◆ **ASSIGNMENT**
Copy out the lines beginning at the one with "Przedstawiamy ofertę sprzedaży" and ending at the last line of the data, both included; pictures stay out.

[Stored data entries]
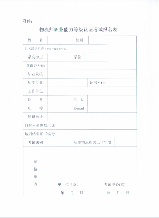 附件:《物流師職業(yè)能力等級(jí)認(rèn)證考試報(bào)名表》
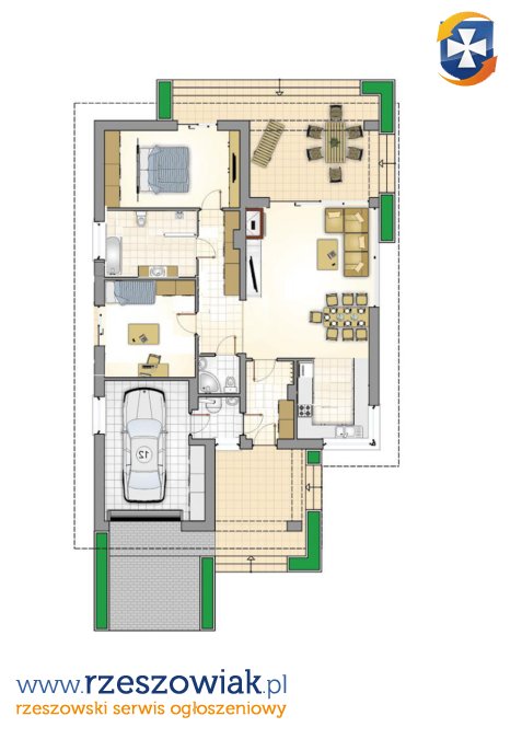 Przedstawiamy ofertę sprzedaży komfortowego, parterowego domu jednorodzinnego z jednostanowiskowym garażem, zadaszonym tarasem wypoczynkowym (ok 16 m2) â idealnym miejscem do relaksu przez cały sezon.
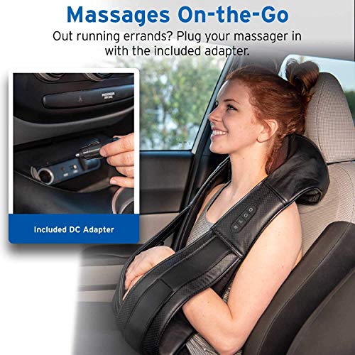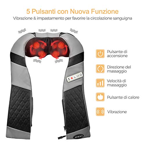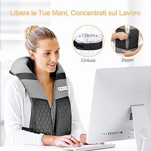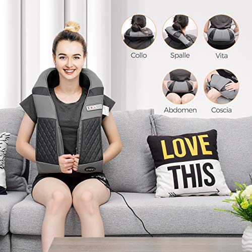 - ✔ 3D Masajeador Ergonómico: Diseño en forma de U correspondiente a la ergonomía adapta perfectamente cuello. También el masajeador shiatsu se ajustará a diferentes partes del cuerpo: hombro, brazos, espalda, muslos, pantorrillas, pies y más.
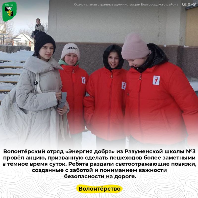 Волонтёрский отряд «Энергия добра» из Разуменской школы №3 провёл акцию, призванную сделать пешеходов более заметными в тёмное время суток
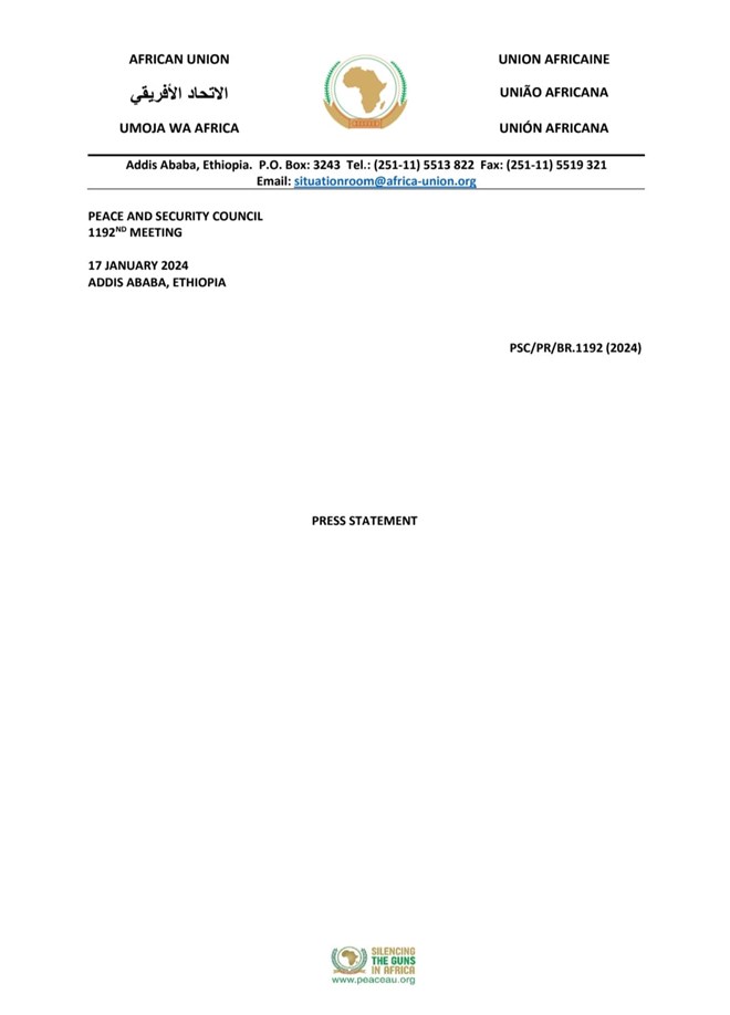 Arbaco, January, 17, 2024 (HOL) - Golaha Nabadda iyo Ammaanka ee Midowga Afrika, ayaa ugu baaqay dowladaha Itoobiya iyo Soomaaliya inay is-xakameeyaan, is-dejiyaan oo ay wada-hadal macno leh ka yeeshaan xiisadaha dhexdooda ka taagan.

◆ **EXERCISE OUTPUT**
 Przedstawiamy ofertę sprzedaży komfortowego, parterowego domu jednorodzinnego z jednostanowiskowym garażem, zadaszonym tarasem wypoczynkowym (ok 16 m2) â idealnym miejscem do relaksu przez cały sezon.
 - ✔ 3D Masajeador Ergonómico: Diseño en forma de U correspondiente a la ergonomía adapta perfectamente cuello. También el masajeador shiatsu se ajustará a diferentes partes del cuerpo: hombro, brazos, espalda, muslos, pantorrillas, pies y más.
 Волонтёрский отряд «Энергия добра» из Разуменской школы №3 провёл акцию, призванную сделать пешеходов более заметными в тёмное время суток
 Arbaco, January, 17, 2024 (HOL) - Golaha Nabadda iyo Ammaanka ee Midowga Afrika, ayaa ugu baaqay dowladaha Itoobiya iyo Soomaaliya inay is-xakameeyaan, is-dejiyaan oo ay wada-hadal macno leh ka yeeshaan xiisadaha dhexdooda ka taagan.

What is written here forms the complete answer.